Today, prover overhead is considered the main computational bottleneck for applied ZK. Without exception, every project built on ZK technology is facing or will face this bottleneck, which manifests adversely in either latency, throughput, memory, power consumption, or cost.
A unique property of Zero Knowledge computation is that it runs modular arithmetic under the hood, on enormous field sizes. This requirement and its trials on CPUs lead to the conclusion that modern CPU architecture is simply not built to handle this form of computation efficiently.
As a result, the need for specialized hardware ZK prover acceleration is clear.
Until now, the majority of hardware experimentation for accelerating ZK has been done with GPUs. In our recent paper, PipeMSM, we explored bringing functioning and operational ZK for the first time to FPGAs. We believe this to be a superior approach for accelerating ZK computation on the path to developing Zero Knowledge for Application Specific Integrated Circuits (ASICs).
It is our belief that the energy efficiency in FPGAs is more suitable for ZK due to their function-specific design compared with GPU’s narrower flexibility. With FPGAs at the base, we take a holistic approach to ZK optimization with designs based on a novel algorithmic approach and hardware-specific optimizations.
In the paper, we use the Parallel Bucket Method and low latency Complete Elliptic Curve addition formulae along with Domb-Barret Reduction to produce MSMs, a major bottleneck for many ZK provers, with improved energy efficiency and speeds comparative to GPUs.

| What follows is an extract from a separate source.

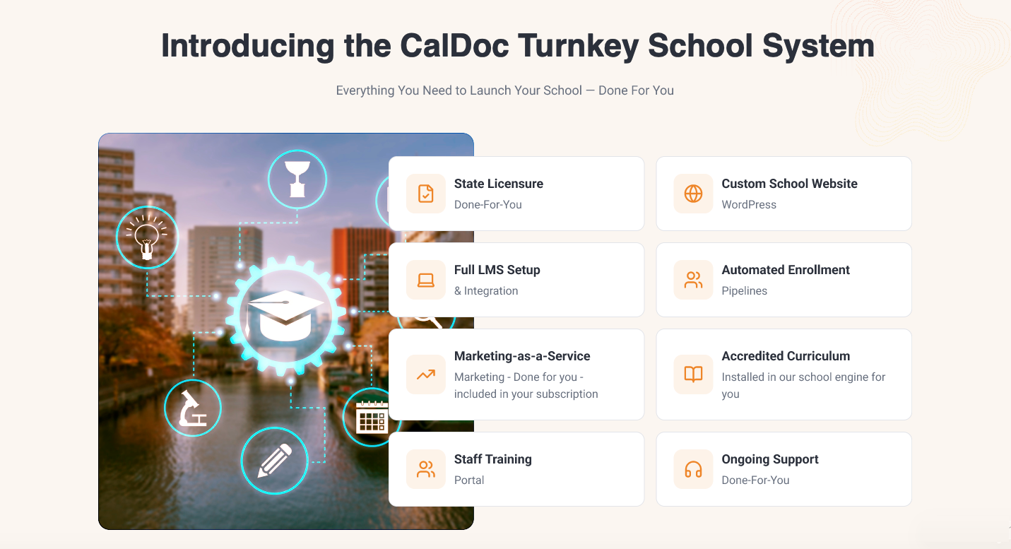 CalDOC eliminates all of that. We handle the entire process from startup to launch without the heavy financial burden, allowing you to see a return on investment with your very first cohort of just eight students.

We implemented and tested our design on FPGA, and highlight the promise of optimized hardware over state-of-the-art GPU-based MSM solvers, in terms of both speed and energy expenditure.
A disadvantage of FPGAs compared to GPUs is their lack of accessibility, while GPUs have effectively become commodity hardware. This means there is a high barrier for ZK users simply getting an FPGA into their hands.

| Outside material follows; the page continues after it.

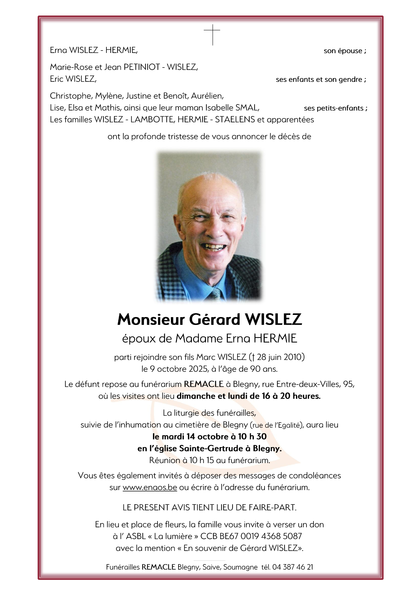 Décédé à Blegny (4670, Belgique) le jeudi 9 octobre 2025 à l'âge de 90 ans

One promising approach to overcoming this barrier is by utilizing cloud computing. Similar to the way cloud providers have enabled easy and immediate access to massive data center resources which has lowered the high barrier to entry for small companies, clouds offering FPGA resources such as AWS, Alibaba Cloud and others have made FPGAs more accessible with the same kind of “on-tap” accessibility.
This is a GAME-CHANGER in the world of hardware acceleration.
With the Cloud-ZK toolkit we have made open source, the benefits of ZK hardware acceleration on FPGAs are accessible to anyone, anywhere, anytime and with costs comparable to any other standard CPU instance on an hourly basis.
As part of the initial release we have included:
Our FPGA code achieves 4x the baseline of Zprize FPGA MSM competition, where max prize criteria is 2x :)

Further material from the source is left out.